Сейчас Станиславский привез с собою из Франции, где он вынужден был просидеть почти целый год на лечении, две ценнейшие главы своей книги, по-видимому, последние: «О речи» и «О темпо-ритме».

Он читает с Зинаидой Сергеевной эти главы, проверяет: «Понятно ли?» Все труднейшие вопросы сценической речи, ритма и темпа он хочет раскрыть в простейших приемах. Поминутно схватывается за карандаш: — «Нет, нет… надо проще, слишком громоздко, не поймут…»

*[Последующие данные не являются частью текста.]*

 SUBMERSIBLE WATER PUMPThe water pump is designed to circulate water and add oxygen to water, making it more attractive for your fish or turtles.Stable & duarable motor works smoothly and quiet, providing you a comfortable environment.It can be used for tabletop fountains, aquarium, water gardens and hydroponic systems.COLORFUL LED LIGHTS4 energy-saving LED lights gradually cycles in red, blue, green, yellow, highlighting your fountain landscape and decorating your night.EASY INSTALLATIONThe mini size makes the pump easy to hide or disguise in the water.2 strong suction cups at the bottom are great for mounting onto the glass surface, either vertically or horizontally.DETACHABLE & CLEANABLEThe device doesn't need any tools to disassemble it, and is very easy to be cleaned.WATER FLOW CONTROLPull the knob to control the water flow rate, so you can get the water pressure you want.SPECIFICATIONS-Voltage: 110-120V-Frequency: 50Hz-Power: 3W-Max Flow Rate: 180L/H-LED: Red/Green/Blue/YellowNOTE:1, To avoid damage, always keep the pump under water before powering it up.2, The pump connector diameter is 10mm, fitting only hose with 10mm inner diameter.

Борис Зон с курсом 1935 года выпуска

11 августа 1934 года.

В начале одиннадцатого часа я позвонил Константину Сергеевичу по телефону.

— Прошу Вас к двум часам.

То ли я не утерпел и задал ему тут же какой-то вопрос, то ли он сам меня о чем-то спросил, но здесь же по телефону возник короткий диалог, в котором он высказал такую мысль: «В работе с актером надо ухватить верно один конец, тогда остальное пойдет само. Не ухватишь верно, ничего не получится… Очень пугает слово „система“, природа — вот в чем все дело. Подобрать ключ к природе актера, помочь ему зажить по природе — единственно важная задача».

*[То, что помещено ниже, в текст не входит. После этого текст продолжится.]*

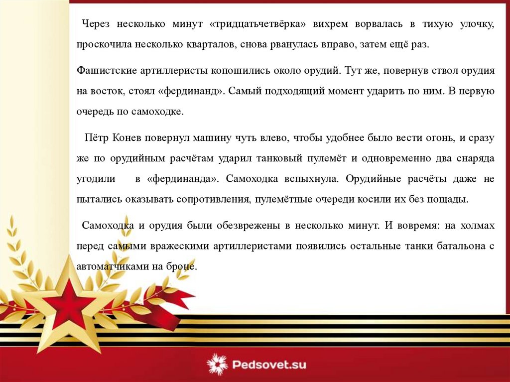 укрепления, до сорока гитлеровцев. Экипаж танка захватил

Я пришел к Константину Сергеевичу около двух. Он немного опоздал. Свидание началось примерно в два с четвертью и длилось до шести с половиной! Сидели мы в цветнике на дворе под знаменитым «зонтом». У меня к беседе было намечено, кажется, вопросов пятнадцать. Успел я коснуться лишь двух-трех.

Сначала разговор зашел об учениках Станиславского, преподающих систему.

«Ученики… — задумался Константин Сергеевич. — Побудет человек короткое время в нашем театре, пройдет одну-две роли и… уже ученик. А чему я его учил, чему он выучился — неизвестно. Преподает систему, а система — вещь очень опасная. Сейчас какой был со мной случай. Одна американская актриса с большим именем вздумала для вящего своего развития подучиться системе. В Америке этим занимаются бывшие актеры 2-го МХАТа — Успенская и Болеславский. Ну, вот поучилась она у них, все поняла, но играть больше совсем не может, не может, и все тут. Бросилась искать меня, приехав в Европу, в Ниццу. А я уже уехал в Париж, она туда. Отыскала меня: „Что делать?“ — говорит. Пришлось мне с ней заниматься. В некотором роде ответственность за „учеников“. А они, верно все ей объяснили, — малого не сказали: зачем все творится на сцене. Не сумели внушить ей, что все ради сквозного действия и сверхзадачи. Вот подите же, а люди как будто толковые».

Услыхав о сквозном действии и о сверхзадаче, я насторожился: это было то самое, о чем я больше всего накануне расспрашивал Зинаиду Сергеевну. Для меня оказалось совершенно новым, что сверхзадача, как она мне объяснила, одна для всего произведения и нет отдельных ролевых сверхзадач. Мало мне было также известно о контрсквозном действии, о том, что иногда его носителем в пьесе бывает отдельный персонаж, а иногда оно вплетается в одну роль вместе со сквозным действием. Приводила примеры из «Мнимого больного» Мольера, пьесы из репертуара Константина Сергеевича.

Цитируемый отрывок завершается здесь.